Она как бы так уматно смотрела на меня.
— Я могу ошибаться, конечно, только мне кажется, что у вас кровь носом идет, — вдруг говорит ни с того ни с сего.
Я кивнул и вытащил платок.
— Снежком попали, — говорю. — Почти ледышка, знаете такие. — Может, я б и рассказал ей, что по-честному вышло, да только это долго. Но мне она понравилась. Я даже вроде как пожалел, что назвался ей Рудольфом Шмидтом. — Старина Эрни, — говорю. — Один из самых популярных парней в Пеней. Знаете, да?
— Нет, не знала.
Я кивнул.
— По-честному все как бы долго сперва его раскусывали. Он же забавный такой парень. Странный по-всякому, понимаете? Как вот я с ним познакомился. Я его когда увидел, думаю: вот сноб какой. Так и подумал. А он — нет. У него просто характер такой оригинальный, только через некоторое время привыкаешь.
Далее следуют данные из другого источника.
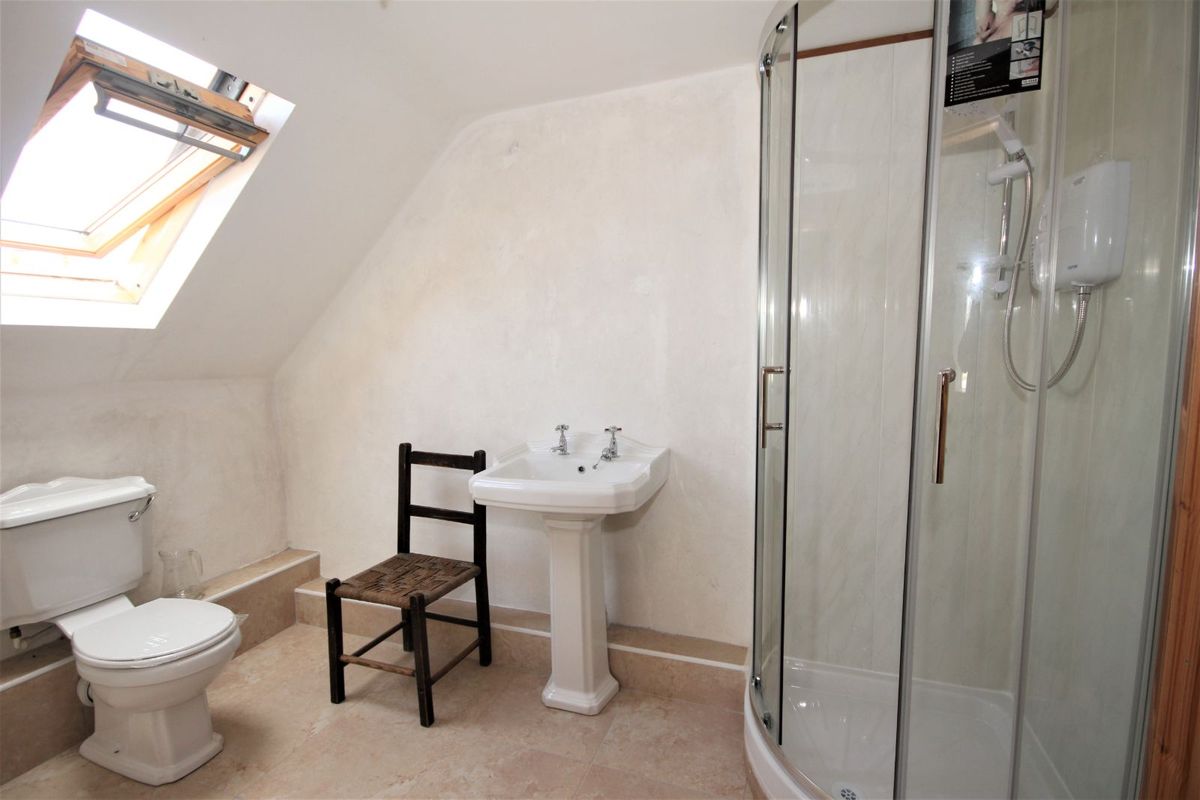 Bathroom 1, 2.35m x 1.74m: shower, w.h.b, toilet, coving, wooden floor, access to hallway and bedroom
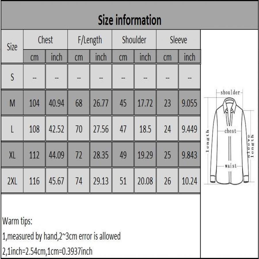 | Size | S | M | L | XL | 2XL | 3XL | 4XL | 5XL |

Эта миссис Морроу ничего не сказала, но ух, вы бы ее видели. Она аж к месту приросла вся. Чью угодно штруню возьмите — им же только дай послушать про то, какой ферт у них сынок.
И тут я уже по-честному погнал туфту.
— Он вам про выборы рассказывал? — спрашиваю. — В классе?
Она головой покачала. Я ее просто как бы в транс ввел, точняк.
— В общем, мы с парнями хотели, чтобы старина Эрни был старостой класса. Ну то есть, единогласно выбрали. В смысле, он только один такой точняк бы справился, — говорю; ух как же я гнал. — А выбрали этого другого пацана, Гарри Фенсера. И почему его выбрали — одна только и простая причина, — потому что Эрни нам не дал себя выдвинуть. Потому что он такой, к черту, весь застенчивый и скромный, и всяко-разно. Отказался… Ух какой стеснительный. Вы бы поговорили с ним, что так нельзя, а? — Я посмотрел на нее. — Он вам об этом что, не рассказывал?
— Нет, не рассказывал.
Я кивнул:
— Вот вам Эрни. Не скажет нипочем. У него один недостаток — слишком робкий и скромный. Вы б повлияли на него, чтоб хоть изредка расслаблялся.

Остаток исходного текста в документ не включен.